U.S. Supreme Court wins aren't eligible for Litigator of the Week honors, but if they were, Stanford Law School professor Pamela Karlan would be an absolute shoo-in.

Karlan argued on behalf of LGBT workers in Bostock v. Clayton County. For those you living under rocks, the high court on Monday in an extraordinary 6-3 decision held that Title VII of the Civil Rights Act prohibits employment discrimination based on sexual orientation or gender identity.

While Karlan as lead counsel deserves the most accolades, law firms that submitted amicus briefs are also entitled to some glory.

Jenna GreeneDo amicus briefs actually sway the court? It's hard to say, but one thing is certain: The case attracted a stellar crop of briefs from many of the top law firms in the country—and across the board, every single one of them sided with the LGBT employees. I'd like to think that carried some weight with the justices.

It's not that the employers didn't have amicus backing—they did, with more than 20 briefs. But not one was penned by a law firm I'd ever heard of (and I've heard of A LOT of law firms). The imbalance in advocacy was striking.

One of the more prominent Big Law amicus filings came from Cravath, Swaine & Moore. Firm lawyers led by Peter Barbur worked pro bono to represent 39 U.S. Senators and 114 members of the House of Representatives, including Chuck Schumer and Nancy Pelosi. 

In their amicus brief, the Cravath litigators countered some of the objections made by the three dissenting justices.
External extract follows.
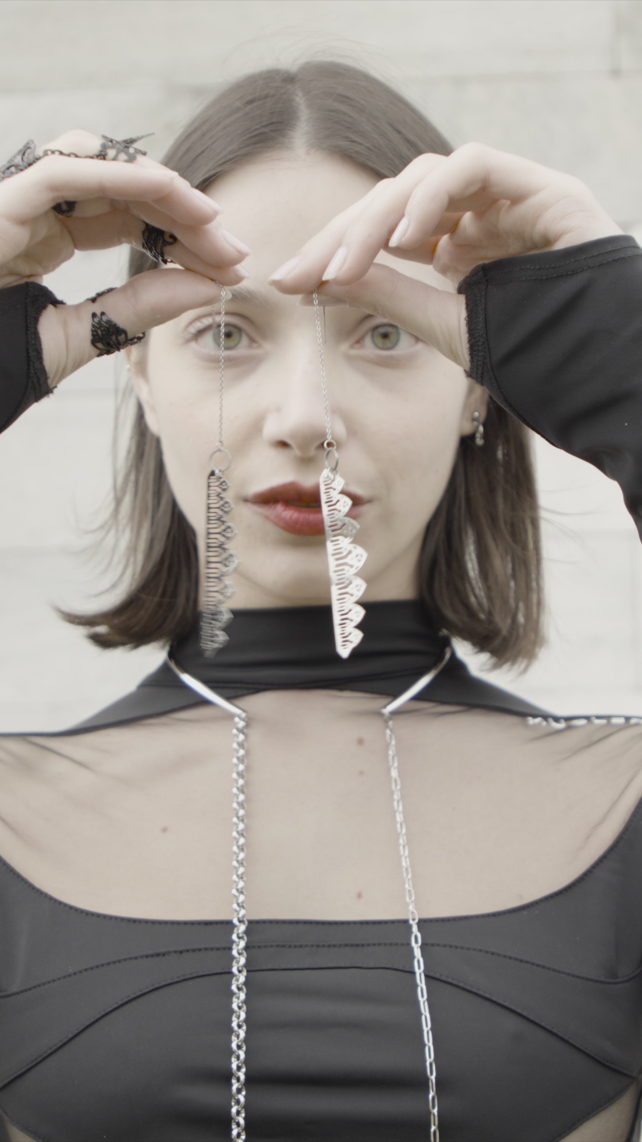 Elegant Myril Jewels Goth Threader Earrings, featuring delicate gothic arches in a filigree design. Ideal for those who favor bold neo-gothic jewelry, perfect as a goth girlfriend gift or to complement a Halloween ensemble

Justice Samuel Alito, who was joined by Justice Clarence Thomas in his dissent, wrote that the court's duty "is to interpret statutory terms to 'mean what they conveyed to reasonable people at the time they were written.'" And in 1964, Alito argued, no one thought discrimination on the basis of sex covered anything other than "discrimination because of the genetic and anatomical characteristics that men and women have at the time of birth."

Justice Brett Kavanaugh in his dissent added that "judges may not rewrite the law simply because of their own policy views."

But the Cravath team, which also included Katherine Janson, Nicholas Suellentrop and Derek Mong, argued that the "supposed intent" of legislators at the time isn't what matters most. 

"When the language of a statute is clear, legislative intent and history need not be considered," they wrote. "There is scant discussion in the legislative history of the specific term 'sex'. But Congress unquestionably intended to prohibit workplace discrimination that reflects beliefs about the abilities, preferences, behaviors and roles of employees based on their 'sex'."

Wilkinson Walsh litigators Chanakya Sethi, Angela Cai and Rakesh Kilaru writing on behalf of historians who study the history of gender, sexuality and law in the United States bolstered this argument.  

"In 1964, the word 'sex' encompassed a variety of social meanings, as it does today," they wrote. "The term referred not only to the male sex and female sex, but also to a broad range of behaviors, social roles, and sexual practices."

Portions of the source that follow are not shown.